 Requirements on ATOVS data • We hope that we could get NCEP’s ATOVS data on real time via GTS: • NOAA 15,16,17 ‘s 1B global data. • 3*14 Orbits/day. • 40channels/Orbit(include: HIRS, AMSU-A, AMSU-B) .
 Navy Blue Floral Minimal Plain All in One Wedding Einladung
────
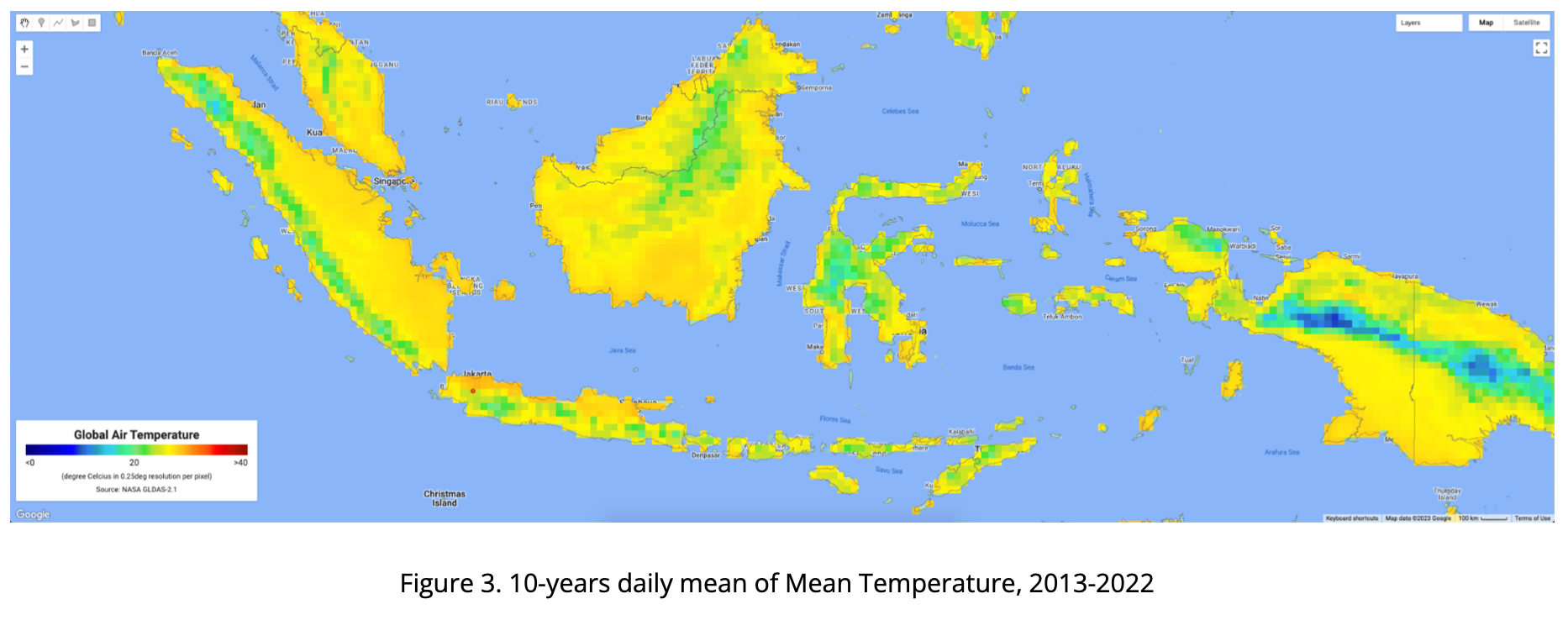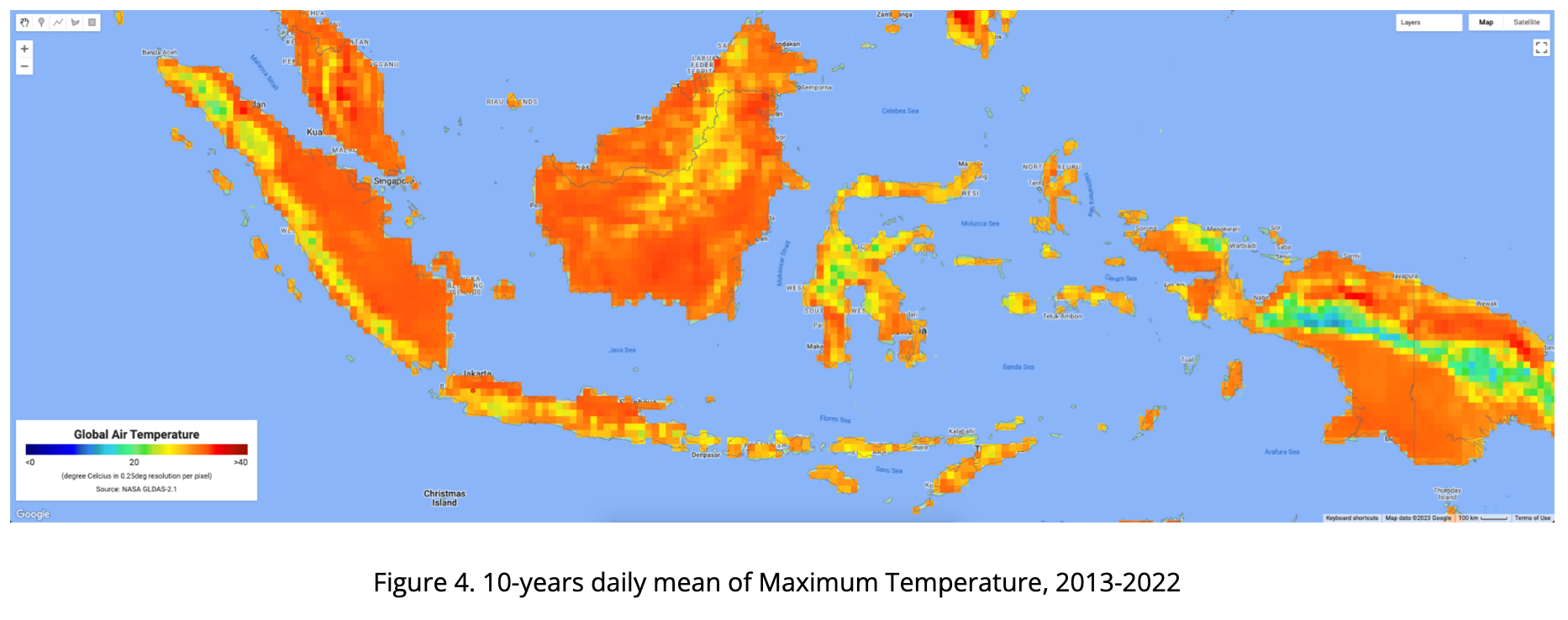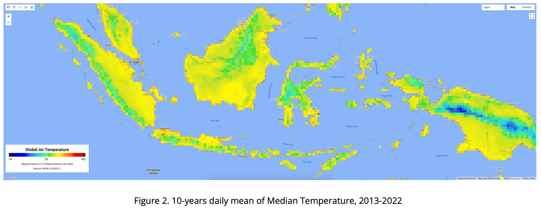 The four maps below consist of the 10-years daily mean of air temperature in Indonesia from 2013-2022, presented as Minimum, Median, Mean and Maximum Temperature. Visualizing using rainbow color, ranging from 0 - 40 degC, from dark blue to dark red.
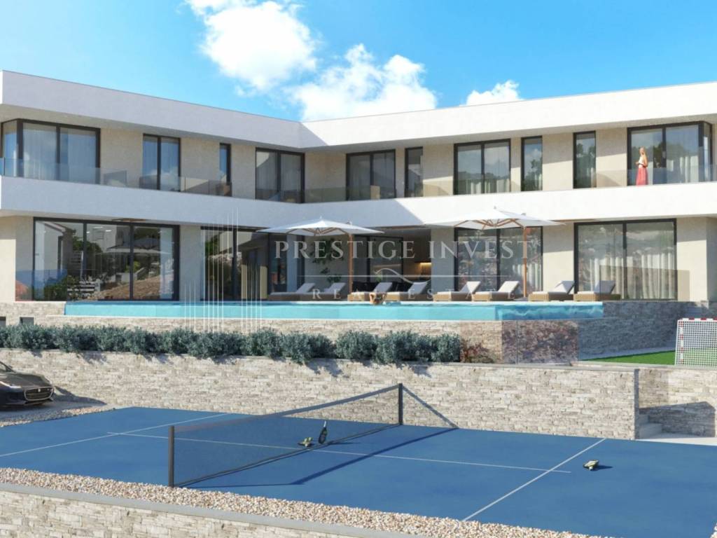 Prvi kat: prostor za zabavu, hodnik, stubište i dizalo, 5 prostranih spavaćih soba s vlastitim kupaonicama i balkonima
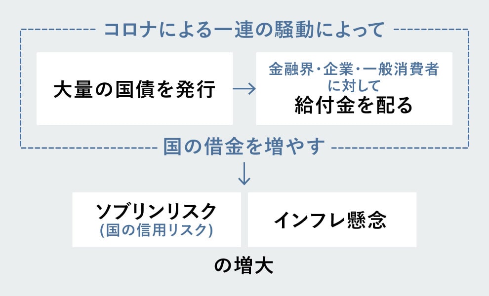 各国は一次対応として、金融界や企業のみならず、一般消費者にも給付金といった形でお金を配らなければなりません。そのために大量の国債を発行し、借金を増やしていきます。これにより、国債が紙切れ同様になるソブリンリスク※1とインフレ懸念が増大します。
────
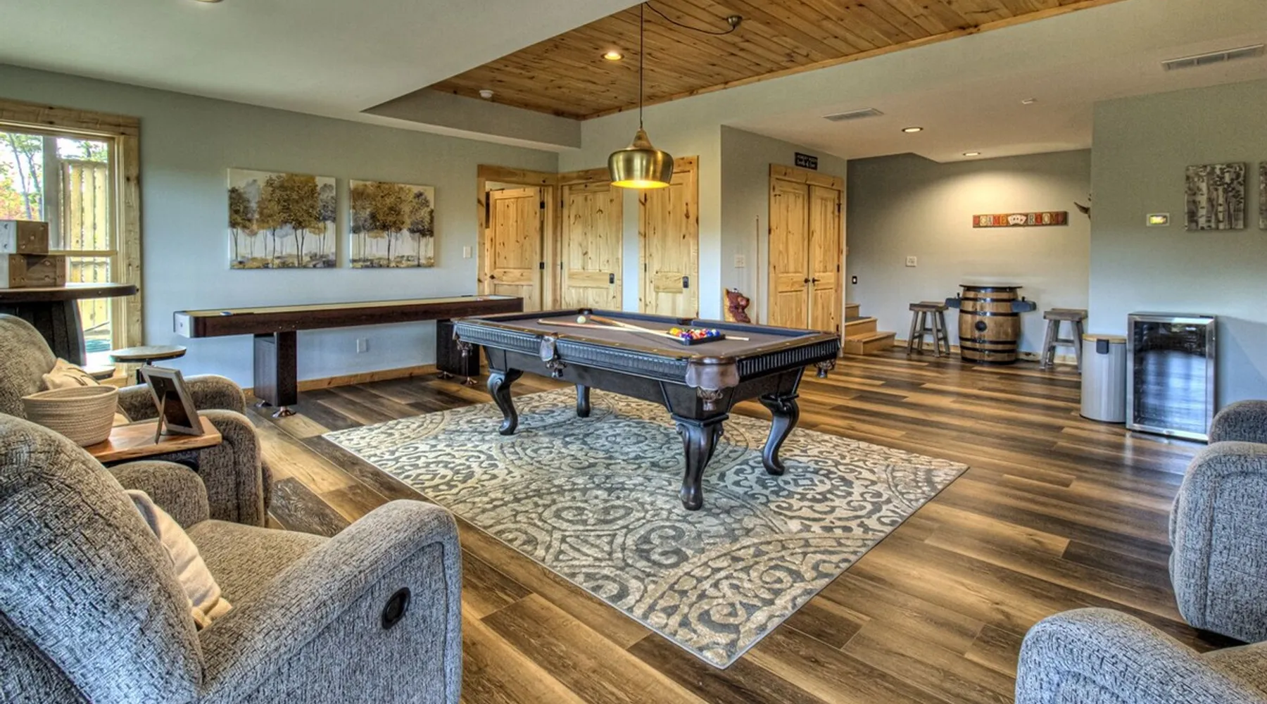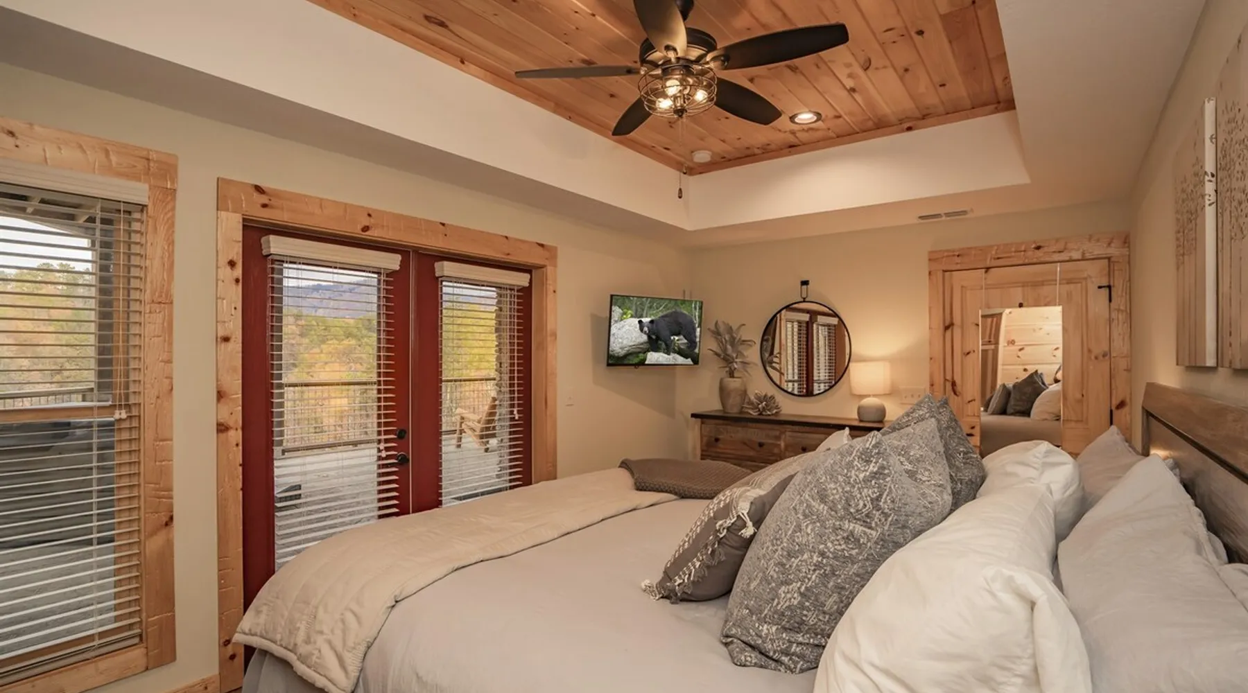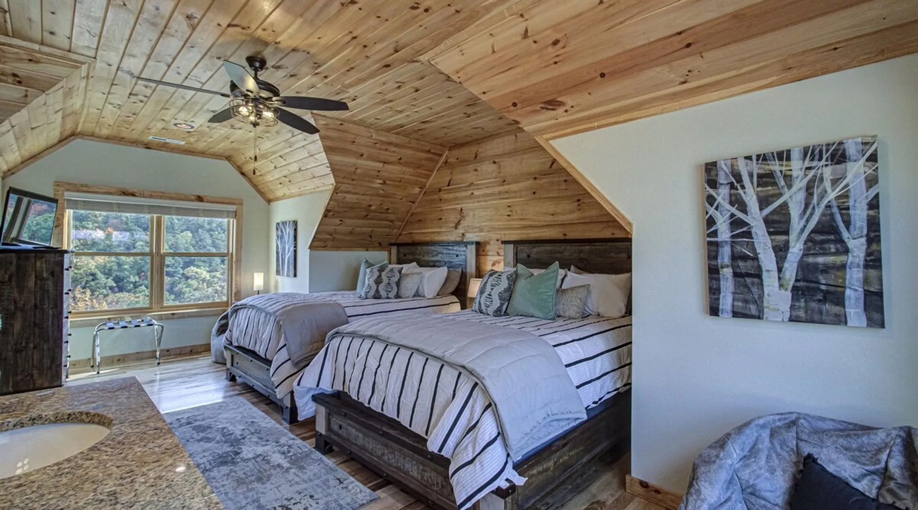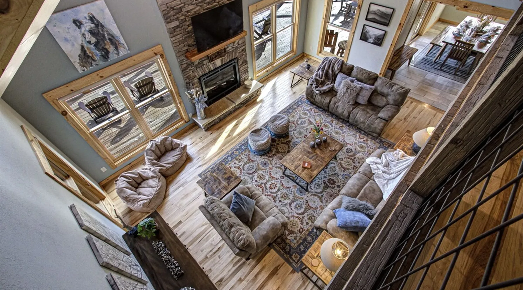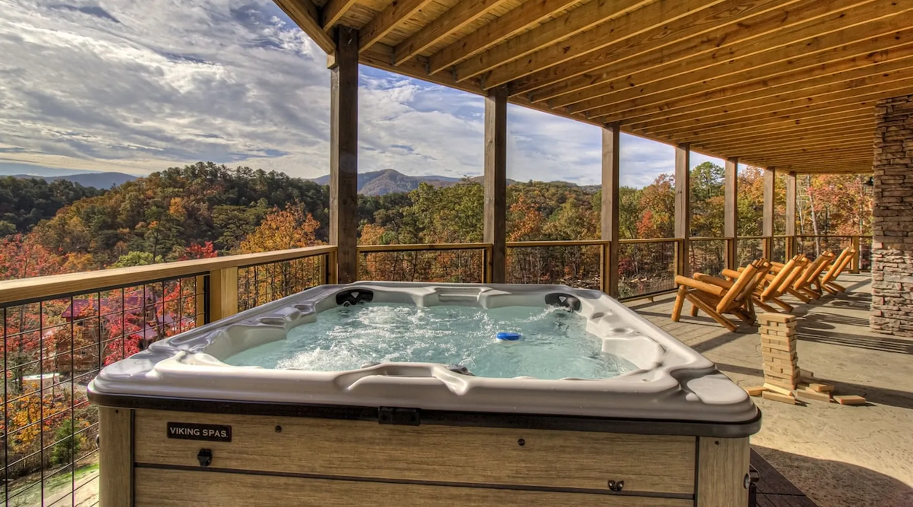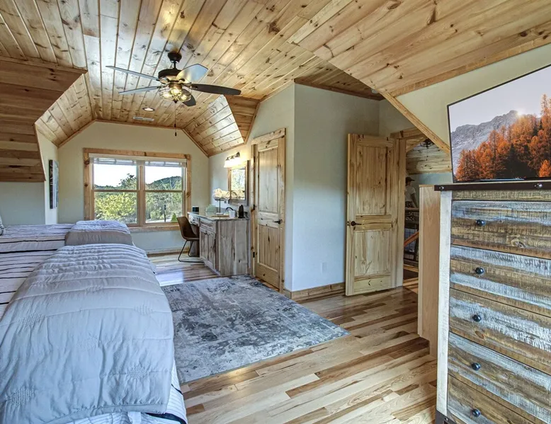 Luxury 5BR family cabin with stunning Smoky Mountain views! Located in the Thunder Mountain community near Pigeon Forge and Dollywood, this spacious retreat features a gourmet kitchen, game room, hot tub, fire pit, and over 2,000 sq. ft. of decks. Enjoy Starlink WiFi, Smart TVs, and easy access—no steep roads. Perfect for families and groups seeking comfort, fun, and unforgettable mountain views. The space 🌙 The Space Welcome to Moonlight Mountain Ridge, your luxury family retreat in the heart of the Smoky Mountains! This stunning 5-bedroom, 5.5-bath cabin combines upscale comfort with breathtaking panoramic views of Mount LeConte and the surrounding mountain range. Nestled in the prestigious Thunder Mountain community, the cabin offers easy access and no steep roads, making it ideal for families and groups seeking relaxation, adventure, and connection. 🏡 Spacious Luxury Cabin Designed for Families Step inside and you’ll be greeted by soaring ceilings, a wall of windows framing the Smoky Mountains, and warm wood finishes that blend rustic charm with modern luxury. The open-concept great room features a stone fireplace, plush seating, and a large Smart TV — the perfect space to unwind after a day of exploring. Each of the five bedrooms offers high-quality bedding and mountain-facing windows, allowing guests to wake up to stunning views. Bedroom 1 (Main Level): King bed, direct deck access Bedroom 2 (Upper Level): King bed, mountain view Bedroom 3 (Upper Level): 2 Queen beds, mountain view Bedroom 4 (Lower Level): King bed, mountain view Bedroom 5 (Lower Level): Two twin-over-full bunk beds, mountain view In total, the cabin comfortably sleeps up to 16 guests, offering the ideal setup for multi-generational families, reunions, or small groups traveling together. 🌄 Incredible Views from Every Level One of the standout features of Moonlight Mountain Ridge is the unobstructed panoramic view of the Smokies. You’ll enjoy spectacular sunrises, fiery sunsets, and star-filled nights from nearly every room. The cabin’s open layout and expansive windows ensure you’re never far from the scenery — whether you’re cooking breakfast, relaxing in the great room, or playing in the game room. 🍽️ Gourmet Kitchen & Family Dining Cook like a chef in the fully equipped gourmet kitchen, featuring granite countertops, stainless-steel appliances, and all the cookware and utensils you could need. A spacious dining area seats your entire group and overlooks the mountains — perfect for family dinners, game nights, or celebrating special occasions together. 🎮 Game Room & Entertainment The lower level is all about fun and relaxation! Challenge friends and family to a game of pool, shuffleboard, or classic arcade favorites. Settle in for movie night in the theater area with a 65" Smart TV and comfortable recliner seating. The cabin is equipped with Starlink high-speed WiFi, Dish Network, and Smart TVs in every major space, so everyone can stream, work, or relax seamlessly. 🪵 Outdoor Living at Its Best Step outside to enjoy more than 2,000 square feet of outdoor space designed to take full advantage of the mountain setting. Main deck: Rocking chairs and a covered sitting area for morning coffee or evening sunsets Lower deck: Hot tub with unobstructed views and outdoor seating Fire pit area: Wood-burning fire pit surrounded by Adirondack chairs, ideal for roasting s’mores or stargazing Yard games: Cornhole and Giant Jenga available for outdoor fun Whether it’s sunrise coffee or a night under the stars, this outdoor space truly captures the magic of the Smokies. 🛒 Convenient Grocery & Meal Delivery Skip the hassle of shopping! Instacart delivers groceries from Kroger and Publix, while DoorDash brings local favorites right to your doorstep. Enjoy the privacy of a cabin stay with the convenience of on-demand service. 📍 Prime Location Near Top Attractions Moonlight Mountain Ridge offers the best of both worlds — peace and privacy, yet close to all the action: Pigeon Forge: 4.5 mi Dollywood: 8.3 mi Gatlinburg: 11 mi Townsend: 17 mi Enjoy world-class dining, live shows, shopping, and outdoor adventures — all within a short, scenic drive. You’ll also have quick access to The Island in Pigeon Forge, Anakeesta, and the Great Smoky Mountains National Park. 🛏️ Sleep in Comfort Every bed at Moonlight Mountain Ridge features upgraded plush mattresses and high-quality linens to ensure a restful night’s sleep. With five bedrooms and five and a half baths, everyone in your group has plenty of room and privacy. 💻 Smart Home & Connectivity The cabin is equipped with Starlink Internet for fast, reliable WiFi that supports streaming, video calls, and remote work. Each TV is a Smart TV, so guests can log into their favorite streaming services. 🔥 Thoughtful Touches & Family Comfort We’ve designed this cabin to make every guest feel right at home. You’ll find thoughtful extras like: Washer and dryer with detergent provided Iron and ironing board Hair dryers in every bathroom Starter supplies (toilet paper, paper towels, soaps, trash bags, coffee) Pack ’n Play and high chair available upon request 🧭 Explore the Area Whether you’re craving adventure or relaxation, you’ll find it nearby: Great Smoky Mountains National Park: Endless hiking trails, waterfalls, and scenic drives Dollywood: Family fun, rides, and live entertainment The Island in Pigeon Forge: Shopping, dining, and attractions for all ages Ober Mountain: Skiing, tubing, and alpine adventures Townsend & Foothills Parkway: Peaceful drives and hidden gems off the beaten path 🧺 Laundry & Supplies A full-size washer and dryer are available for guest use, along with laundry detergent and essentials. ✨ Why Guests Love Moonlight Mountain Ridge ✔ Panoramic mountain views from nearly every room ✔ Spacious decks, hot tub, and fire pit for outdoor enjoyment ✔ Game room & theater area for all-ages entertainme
────
Exercise prompt: Everything above from the line with "Prvi kat: prostor" through the line with "各国は一次対応として、金融界" should be retyped exactly, and nothing else; omit pictures.

Exercise solution:
 Prvi kat: prostor za zabavu, hodnik, stubište i dizalo, 5 prostranih spavaćih soba s vlastitim kupaonicama i balkonima
 各国は一次対応として、金融界や企業のみならず、一般消費者にも給付金といった形でお金を配らなければなりません。そのために大量の国債を発行し、借金を増やしていきます。これにより、国債が紙切れ同様になるソブリンリスク※1とインフレ懸念が増大します。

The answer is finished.